A subsequent article coming from the research-advocacy blog, “Speaking of Research” focused on Chimp Haven’s newly formed collaboration with Lincoln Park Zoo’s Fisher Center for the Study and Conservation of Apes. The Fisher Center is well-known in the primatology community for their advocacy and practice of completely non-invasive research with apes with the goal of better understanding them and enriching their lives. The anonymous blog author questioned the partnership and wondered why a sanctuary would want to study questions such as the effect of human visitors during our six Chimpanzee Discovery Days, which are open to the public. Yet the answer is surprisingly clear to us. Given that Chimp Haven’s top priority is chimpanzee welfare, we want to take every avenue to ensure that our public programs are not in any way negatively affecting the chimps. Using science to clearly evaluate factors that may affect chimpanzee lives is what we have done since our inception and we have no intention of scaling back research that will ultimately benefit chimpanzee lives.

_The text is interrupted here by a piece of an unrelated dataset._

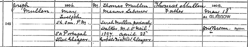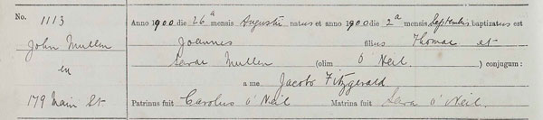 It is worth noting that Mary’s mother is called Lizzie Neil at her birth and death which are statutory records but O’Neil in the Roman Catholic church record of her baptism.

Any non-invasive research that takes place at Chimp Haven undergoes rigorous review by our Sanctuary Chimpanzee Care Committee. Projects involving federally owned chimpanzees are also reviewed by NIH. It goes without saying that Chimp Haven does not participate in any research that would negatively affect the chimpanzees themselves but more and more, we are finding innovative means to allow chimpanzees to participate in dynamic and enriching tasks that benefit our understanding of the species as well as the chimpanzees themselves. Our collaboration with the Fisher Center will allow us to find ever increasing ways to do just that.

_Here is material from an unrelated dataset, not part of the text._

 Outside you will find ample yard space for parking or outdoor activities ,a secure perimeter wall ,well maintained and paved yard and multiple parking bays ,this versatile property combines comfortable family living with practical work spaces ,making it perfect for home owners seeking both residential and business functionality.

We don’t expect this to be the last volley of accusations from a vocal segment of lab-based individuals, but it is disappointing that the relationship between the lab and sanctuary communities has dissolved to the point where they feel the need to attack our operations. Nonetheless, we are resolute to continue our one and only mission: to provide the best possible lives for chimpanzees retired from research laboratories, regardless of their infectious status, research history or medical state. While we feel the best outcomes involve a cooperative paradigm in which NIH, the labs and the sanctuary work together to decide how retirement takes place, we will continue to strive for the best care for any chimpanzee sent to the sanctuary to live out their lives. Right now we have room for approximately 75 additional chimpanzees and look forward to welcoming more of these amazing individuals to the sanctuary soon…and to continuing in our role as leaders in the world of chimpanzee care.